In 2021, I dove headfirst into growing my small business. My supplier network expanded worldwide, nice!nano were flying off the shelves, and I could barely keep up with restocking, while the ZMK community continued to grow and strengthen. Other popular boards based on ZMK started appearing, many inspired by the nice!nano, or at least using my published schematics.

Everything looked wonderful, but I noticed that most of my suppliers didn't have all the parts needed for a wireless build, or their builds focused on wired microcontrollers. I decided I could do something new in this space.

Becoming a Supplier Myself

I was still attending school in person, so I knew I couldn't run an online store full-time. Fortunately, by the end of 2021, my parents decided to retire, and my father said he wanted to find something to do. In 2022, together we founded Typeractive — a keyboard shop primarily focused on wireless devices.

I created a 3D interactive configuration tool that lets customers assemble all the parts and kits they need, specifically designed for wireless PCBs. The convenience of this process brought us huge success, and by 2025 we had become one of the largest split keyboard stores. Typeractive does far more than just sell those, but that's a topic for a separate post.

Cloned Twice!

In 2023, nice!nano was cloned — not once, but twice. Two copies with different designs showed up on Taobao, and shortly after that they migrated to AliExpress and even into my suppliers' stores. It shook me up a little at first, but in the end I figured out there's basically nothing you can do about it.

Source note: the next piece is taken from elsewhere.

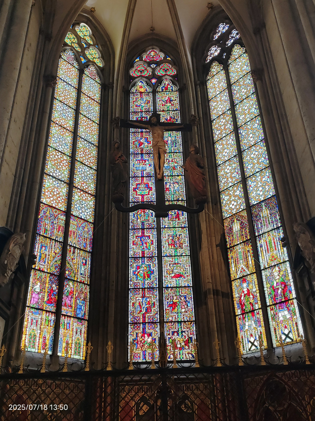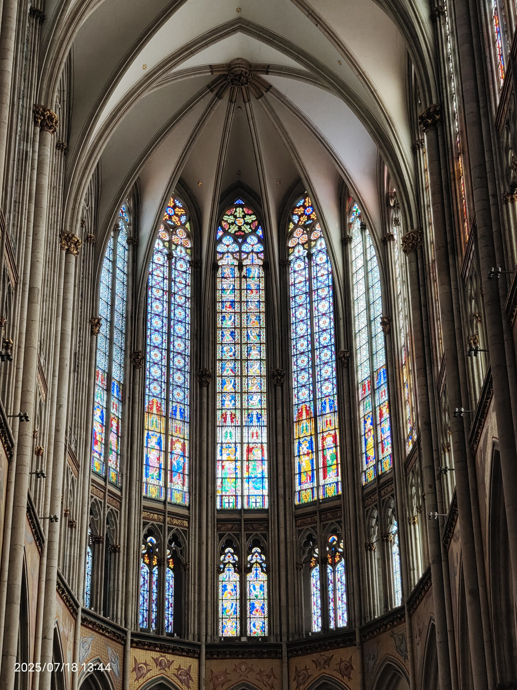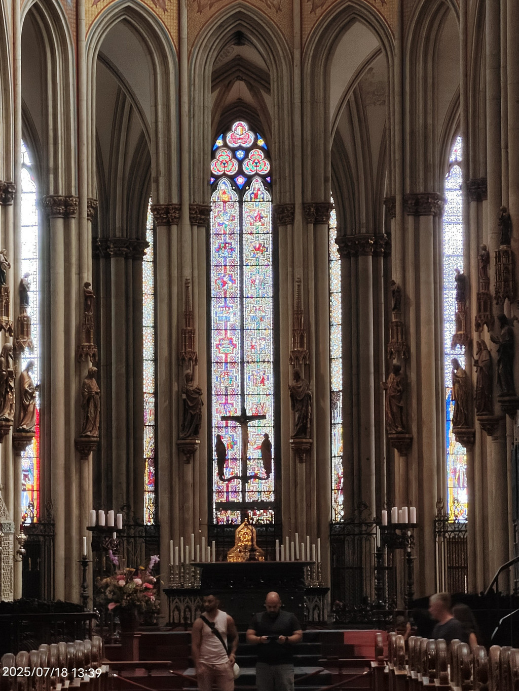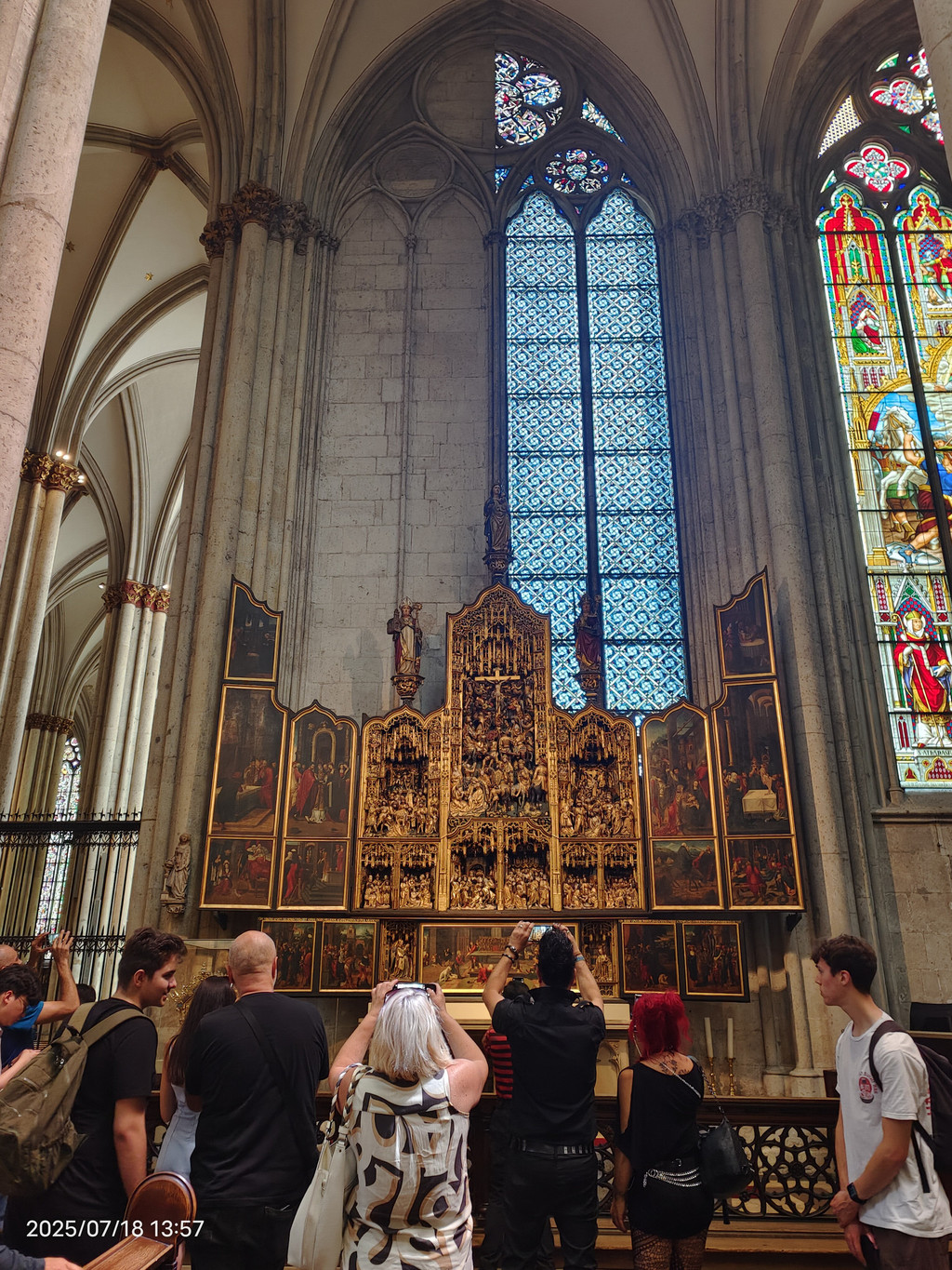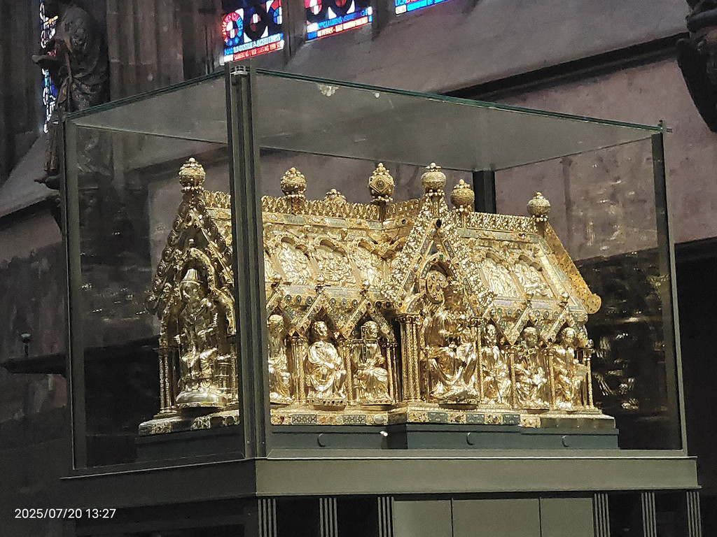 科隆大教堂的正式名字叫圣·彼德大教堂,始建于1248年,直到1880年才最后竣工。科隆大教堂的起源跟三王圣龛息息相关。神圣罗马帝国皇帝佛烈德利赫一世于12世纪赠送三王圣龛給当时的科隆主教后,吸引了络绎不绝的信徒来参访,造成当时的教堂难以负荷、需兴建新教堂,也就是科隆大教堂。科隆大教堂包括五个殿堂和一个绕圣坛而建的带有三个偏堂的回廊。圣坛还保持着初建时的模样,这个圣坛是中世纪德国教堂中最大的圣坛,圣坛上的十字架也是欧洲大型雕塑中最古老、最著名的珍品。圣坛的两侧还排列着有104个座位的座椅。1996年列为世界文化遗产。
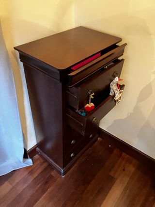 Cómoda antigua con un diseño elegante y funcional. ❗️Tengo también las mesitas a juego, lo podría vender junto a un precio rebajado. - Tres cajones amplios para almacenamiento. - Acabado en madera oscura. - Encimera de cristal.

To be clear, these are proper clones. I think competition is normal, but these new boards were advertised as nice!nano, and came preloaded with exactly the same firmware I used for nice!nano, so when connected the board is identified as nice!nano. If the manufacturers had at least put together their own firmware (it's open-source!) and didn't use the nice!nano name in their product listings, I would say it's all fair game.

Seeing my product get cloned gave me mixed feelings. As everyone knows, imitation is the sincerest form of flattery, but it made me furious that they were profiting off the success of my work. In the end though, their products turned out to be mediocre, and nice!nano sales kept going at a steady pace. This is probably partly because the largest custom wireless keyboard store didn't fill all their warehouses with them. Thanks, Typeractive!

A Million-Dollar Product

I have to admit the post's title is a little clickbaity, but if you've read this far, it probably worked. Yes, I designed nice!nano in my dorm bedroom, but my journey took many years. As of right now [translator's note: as of March 2025] over 50,000 nice!nano units have been sold by various online stores around the world, generating over a million dollars in revenue. I still find it hard to wrap my head around that fact, but I'm incredibly grateful. Yes, I put in tons of work, but I have to admit that well-timed luck played a major role too. The growing interest in wireless keyboards and the lack of suitable options in the DIY space created the perfect environment for nice!nano to thrive.

While writing this post, I took an incredible trip down memory lane. nice!nano has had an enormous impact on my life, and that would never have been possible without the countless people who helped me along the way. I'd like to mention those whose help was absolutely invaluable:

  • Joric (creator of nRFMicro)

  • Pierre Constantino (creator of the BlueMicro board and firmware)

  • Pit Johansson (author of ZMK)

  • Mike and Pam (my parents)

Thank you all. It's been incredibly joyful to see all the custom keyboards built on top of nice!nano or expanding on its ideas. The community keeps growing, and I'm glad nice!nano remains a big part of it.

Notes

  1. I intentionally left links to each repository in the state they were in when I was able to study them in early 2020.

  2. While writing this article, I found out that Nordic Infocenter shut down. RIP.

  3. Sometimes I laugh at how scared I was back then to make a $100 purchase. In hindsight, that turned out to be an extremely cheap R&D investment.